Plutonium(IV) oxalate is a compound consisting of plutonium and oxalate with the formula Pu(C₂O₄)₂. It is produced by addition of oxalic acid to plutonium solution, and is widely used in the synthesis of plutonium(IV) oxide for nuclear reprocessing, plutonium recovery from radioactive waste, or lab use. It is also a starting material for the production of other plutonium compounds, such as plutonium(III) fluoride, plutonium(IV) fluoride, or plutonium(III) chloride.

Synthesis

Plutonium(IV) oxalate is prepared by the combination of oxalic acid solution and plutonium(IV)-nitric acid solution, after which it precipitates as the hexahydrate, Pu(C₂O₄)₂·6H₂O. Hydrogen peroxide can added to prevent reduction to plutonium(III): ^{[1] [2] [3]}

Pu(NO₃)₄ + H₂C₂O₄ + 6 H₂O → Pu(C₂O₄)₂·6H₂O ↓ + 4 HNO₃

There are three ways that these solutions can be combined: direct strike (adding oxalic acid to nitric acid solution), reverse strike (adding nitric acid solution to oxalic acid), and continuous (adding nitric acid solution and oxalic acid simultaneously). ^[4]

Properties

Plutonium(IV) oxalate forms several hydrates, notably the hexahydrate, Pu(C₂O₄)₂·6H₂O, which has been variously described as tan ^{[5] : 837} or yellow-green. ^[6] Other hydrates are known, such as the monohydrate (Pu(C₂O₄)₂·H₂O) and dihydrate (Pu(C₂O₄)₂·2H₂O), and the compound can also be found without water as Pu(C₂O₄)₂. ^{[5] : 1174}

Decomposition

The thermal decomposition of plutonium(IV) oxalate hexahydrate starts by it losing water.
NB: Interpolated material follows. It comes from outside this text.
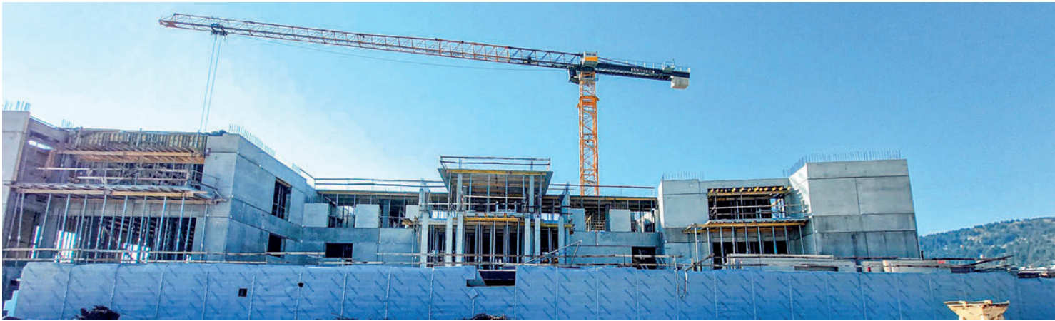
One of the biggest first projects, which has been built with the concrete elements was a Hotel in Gyergyóremete.

The new factory ensures that the challenges arising in the construction industry in terms of capacity, construction time and quality can be effectively handled with the most modern possible solutions. The production of precast products also serves this very purpose, with their help, construction costs and construction time are reduced and individual construction projects become much more efficient. ■

It goes through the dihydrate, Pu(C₂O₄)₂·2H₂O, and the monohydrate, Pu(C₂O₄)₂·H₂O, as intermediates before arriving at anhydrous plutonium(IV) oxalate: ^{[7] [8] [9]}

Pu(C₂O₄)₂·6H₂O → Pu(C₂O₄)₂·2H₂O + 4 H₂O (between 60–100 °C)
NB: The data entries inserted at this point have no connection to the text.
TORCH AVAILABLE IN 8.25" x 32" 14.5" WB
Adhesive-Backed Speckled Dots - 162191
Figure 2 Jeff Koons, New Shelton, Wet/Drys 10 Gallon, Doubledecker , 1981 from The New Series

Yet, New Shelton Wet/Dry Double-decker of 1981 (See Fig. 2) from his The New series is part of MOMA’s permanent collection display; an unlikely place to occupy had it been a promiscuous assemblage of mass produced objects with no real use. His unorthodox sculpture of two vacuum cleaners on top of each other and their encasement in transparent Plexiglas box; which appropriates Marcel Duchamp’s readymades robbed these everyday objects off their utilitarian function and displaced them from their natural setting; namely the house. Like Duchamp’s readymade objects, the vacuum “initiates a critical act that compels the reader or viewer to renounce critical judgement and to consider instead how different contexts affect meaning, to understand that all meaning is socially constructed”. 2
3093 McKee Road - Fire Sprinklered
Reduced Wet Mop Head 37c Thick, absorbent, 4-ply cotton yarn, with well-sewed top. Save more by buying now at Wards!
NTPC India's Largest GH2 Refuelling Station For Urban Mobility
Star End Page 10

Pu(C₂O₄)₂·2H₂O → Pu(C₂O₄)₂·H₂O + H₂O (between 100–120 °C)

Pu(C₂O₄)₂·H₂O → Pu(C₂O₄)₂ + H₂O (between 120–180 °C)

The anhydrous form loses carbon dioxide to produce anhydrous plutonium(III) oxalate, Pu₂(C₂O₄)₃. Upon heating, it loses carbon monoxide, going through several carbonate oxalate phases with compositions Pu₂(C₂O₄)₂CO₃ and Pu₂C₂O₄(CO₃)₂, before arriving at plutonium(IV) oxycarbonate PuOCO₃. PuOCO₃ finally releases carbon dioxide to form plutonium dioxide: ^{[7] [8] [9]}

2 Pu(C₂O₄)₂ → Pu₂(C₂O₄)₃ + 2 CO₂ → Pu₂(C₂O₄)₂CO₃ + 2 CO₂ + CO (between 180–210 °C)

Pu₂(C₂O₄)₂CO₃ → Pu₂C₂O₄(CO₃)₂ + CO (between 210–235 °C)

Pu₂C₂O₄(CO₃)₂ → 2 PuOCO₃ + 2 CO (between 235–260 °C)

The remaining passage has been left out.